Inside the Asylum: Why the UN and Old Europe are Worse Than You Think
- Author: Jed Babbin
- Language: English
- Genre: Non-fiction
- Publisher: Regnery Publishing
- Publication date: 2004
- Publication place: United States
- ISBN: 0-89526-088-3

= Inside the Asylum =

2004 book by former US Undersecretary of Defense Jed Babbin

Inside the Asylum: Why the UN and Old Europe are Worse Than You Think is a 2004 book by former US Undersecretary of Defense Jed Babbin, which accuses the UN and "Old Europe" of anti-Americanism.

Babbin accuses the UN of having links to terrorist organizations and selling its moral legitimacy for oil and enriching itself at the expense of the Iraqi people but undermining American pressure on Saddam Hussein.

Babbin suggests that the US should leave the UN and focus on forming alliances with countries that he considers are really for freedom and democracy.

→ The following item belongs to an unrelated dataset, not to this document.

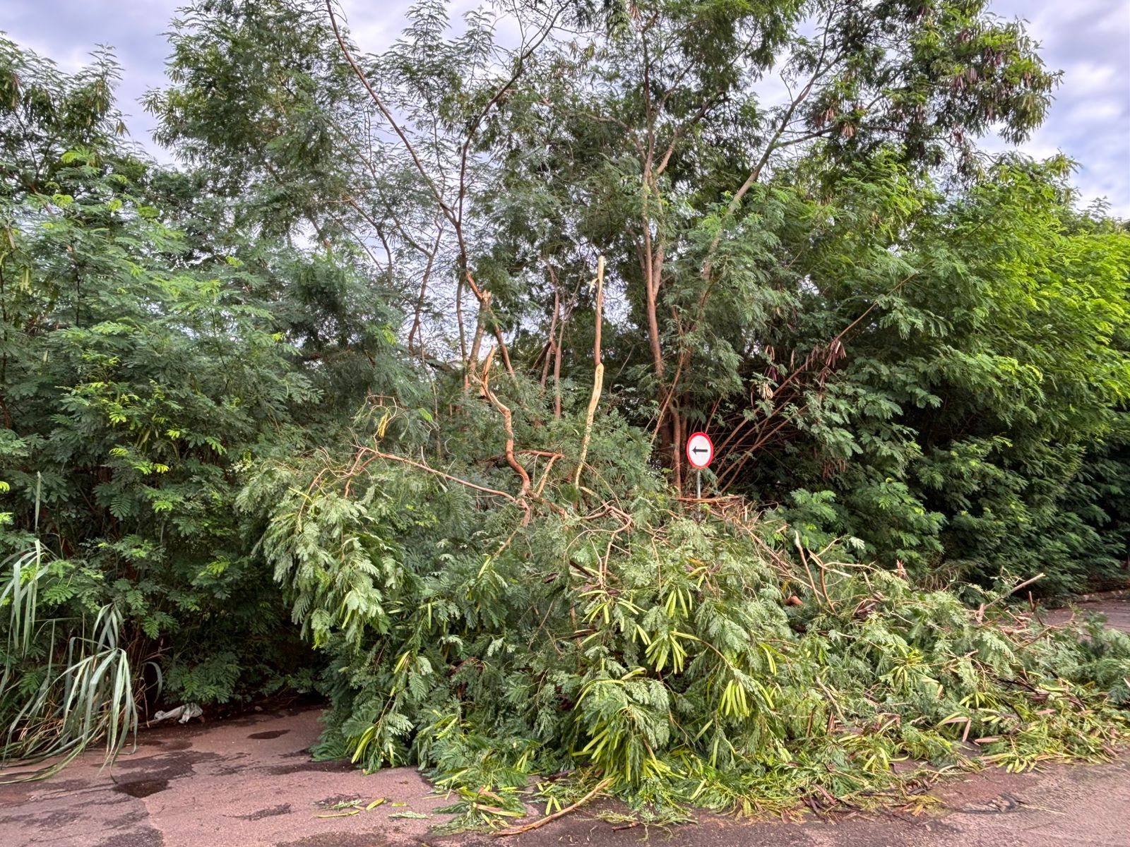 Não havia sinalização no local para orientar os condutores. A reportagem questionou a Agetran (Agência Municipal de Trânsito) e aguarda retorno. A Sisep (Secretaria Municipal de Infraestrutura e Serviços) também foi consultada sobre a previsão para recolher os galhos.

Babbin accuses Kofi Annan and his "wasteful bureaucracy of UN employees" of acting not in the name of the UN Charter to promote world peace and global security but instead channeling dirty money such as from Iraq's Oil for Food program, supporting terrorist causes, and using the Security Council to attempt to shackle the American sovereignty in its own international affairs and thereby illegitimately expanding its own vastly-overreaching political power.

== Publication information ==
- Jed Babbin. 2004. Inside the Asylum: Why the United Nations and Old Europe Are Worse Than You Think. Regnery Publishing, Inc. ISBN 0-89526-088-3.